▶ _Data excerpt_

────────

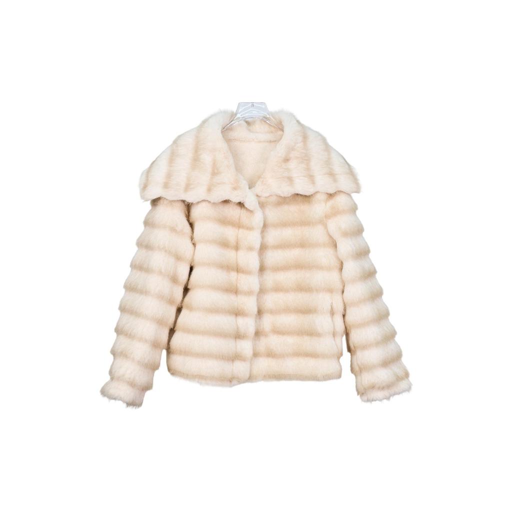 Женская короткая шуба из искусственного меха шиншиллы и кожи - Универсальная и плюшевая, осенне-зимний стиль с большим лацканом.
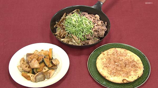 教えてくれたのは、「牛ごぼうと豆苗のすき焼き風・酢ぶりれんこん・梅長芋のふわふわ焼き」の3品。
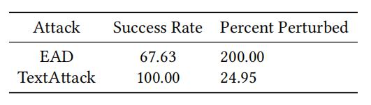 为了评估 EAD 和 TextAttack 实验的结果,研究人员使用了两个指标:平均扰动和攻击成功率。如下图所示,在进行攻击之前获取了模型的基线。
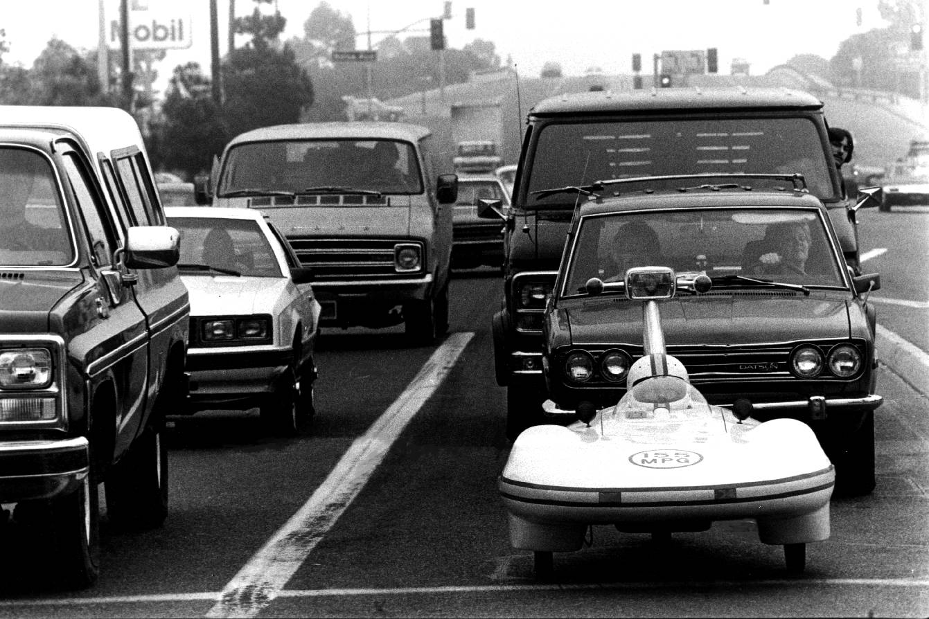 The California Commuter 157 MPG La to SF Guinness World Record holder California Commuter Photos This overhead photo shows the aerodynamic teardrop shape of the California Commuter. Linda Isle, Newport Beach, California. Stabilizing fin and "visibility pod" dominate this rear quarter view. Yes, it is SMALL and light!

────────

Transcribe the whole listing exactly but exclude images.

▶ _Final answer_
 Женская короткая шуба из искусственного меха шиншиллы и кожи - Универсальная и плюшевая, осенне-зимний стиль с большим лацканом.
 教えてくれたのは、「牛ごぼうと豆苗のすき焼き風・酢ぶりれんこん・梅長芋のふわふわ焼き」の3品。
 为了评估 EAD 和 TextAttack 实验的结果,研究人员使用了两个指标:平均扰动和攻击成功率。如下图所示,在进行攻击之前获取了模型的基线。
 The California Commuter 157 MPG La to SF Guinness World Record holder California Commuter Photos This overhead photo shows the aerodynamic teardrop shape of the California Commuter. Linda Isle, Newport Beach, California. Stabilizing fin and "visibility pod" dominate this rear quarter view. Yes, it is SMALL and light!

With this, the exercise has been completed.